O projeto de lei da Câmara que altera o Plano Geral de Cargos do Poder Executivo ainda terá de passar pelo plenário do Senado para depois ir à sanção presidencial. As novas vagas, quando preeenchidas, custarão R$ 480 milhões por ano.
De acordo com o relator da matéria, senador Gim Argello (PTB-DF), a maioria dos cargos é para as áreas de ciência e tecnologia, infraestrutura e regulação. O senador Romero Jucá (PMDB-RR) afirmou que, apesar de aumentar gastos do governo, as vagas são necessárias por conta da "expansão" das atividades.
"O governo tem que criar cargos, porque está expandindo serviços, tem muita gente se aposentando. É preciso suprir esses cargos relevantes para a área de educação, saúde, tecnologia. É muito natural essa ampliação que temos de fazer do serviço", afirmou Jucá.
O senador Álvaro Dias (PSDB-PR) criticou a manobra governista, afirmando que a aprovação se deu de forma "sorrateira", com a sessão da CCJ convocada de última hora. Para o senador, a criação de cargos é contraditória e irresponsável, e a presidente Dilma Rousseff estaria agindo mais como candidata do que como presidente.

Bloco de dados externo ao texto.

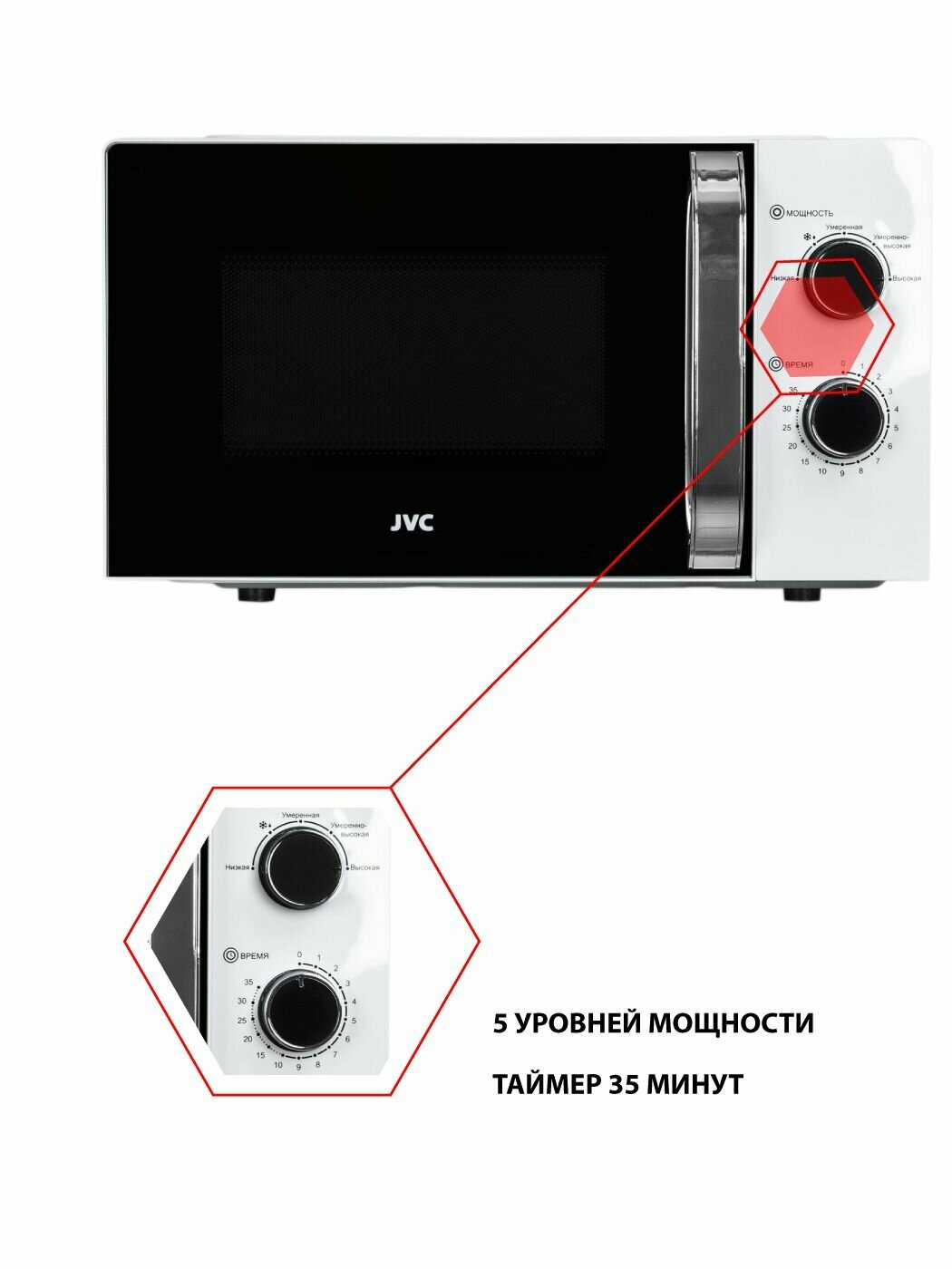 10 цен на Микроволновая печь JVC JK-MW150M с зеркальным стеклом 20 л, таймер 35, 5 уровней мощности, авторазмораживание, 700 Вт
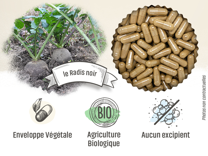 Il est important de prendre soin de notre organisme en optant pour une alimentation saine et variée. Celle-ci peut être accompagnée d'une supplémentation à base de radis noir. Pour éviter douleurs abdominales, reflux gastro-intestinaux ou flatulences, prenez le dosage conseillé sans le dépasser !

"Essa aprovação foi sorrateira, hoje (ontem) não é dia de CCJ, fizeram uma sessão extraordinária, sem a presença da oposição. Aplicou-se um golpe, embora o governo não precise disso, porque tem maioria esmagadora, mas aproveitou-se de um momento de esvaziamento. Em um momento em que o governo enfrenta dificuldades para combater a inflação, cumprir a meta de superávit primário, criar cargos que aumenta despesas correntes e diminui a capacidade de investir, isso fica na contramão", afirmou Dias, antecipando que a oposição irá tentar barrar o projeto no plenário.
PERDÃO
O Senado também aprovou ontem a anistia a multas de dívidas previdenciárias dos Estados, municípios, fundações e autarquias públicas com o INSS. A medida provisória aprovada pelos senadores também estabelece o parcelamento dos débitos com o INSS em até 240 meses (20 anos) ou em prestações de 1% sobre a receita corrente líquida do ente federativo – no formato que for mais vantajoso para o Estado ou município. O texto original da MP, encaminhado ao Congresso, fixava o percentual do pagamento das multas em 60%. Na nova versão, além da extinção das multas, a MP determina a redução em 50% dos juros de mora atrelados às dívidas.